In a move that surprised absolutely no one, Yoweri Museveni, the great waltzer of Ugandan politics, has been sworn in for a seventh term. The ceremony was a masterclass in political theatre: a stage full of smiling MPs, a military band that played on key, and a presidential oathing hand that seemed to have been dipped in superglue. Meanwhile, the UK, the world’s premier supplier of disappointed expressions, issued a stern warning about “democratic backslide,” a phrase that has become as meaningless as a chocolate teapot in the Ugandan context.
Museveni, now in his 80s, appears to have discovered the political equivalent of immortality: a constitution as pliable as hot toffee. The opposition, as is tradition, denounced the whole affair as a sham, but their voices were drowned out by the sound of government printing presses churning out celebratory banknotes. One cannot help but marvel at the sheer audacity of a man who has been in power for so long that his original voters are largely deceased or senile.

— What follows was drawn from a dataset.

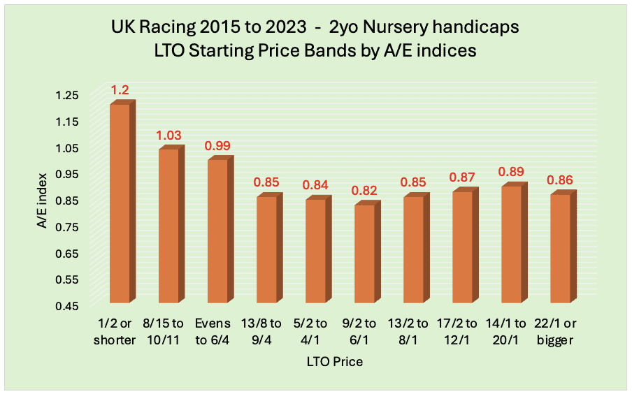I often look at this metric: the price of the horse on its last run. To begin with, I will look at some LTO Starting Price Bands, focusing on the value metric, which is the A/E index:

Yet he persists, a political cockroach in a nuclear winter. The UK’s warning, delivered in the stiffest possible upper lip, suggested that this was not the “free and fair” election they had hoped for. But let’s be honest: the UK’s hope in African democracy often resembles a man hoping for a gin and tonic in a desert.
It’s a nice thought, but you’re going to die of thirst. The swearing-in was a spectacle of absurdity, a carnival of the absurd where the only thing missing was a clown car. The president, looking as cherubic as ever, promised to continue his “revolutionary” policies, presumably until his own revolution is staged by his grand-nephews.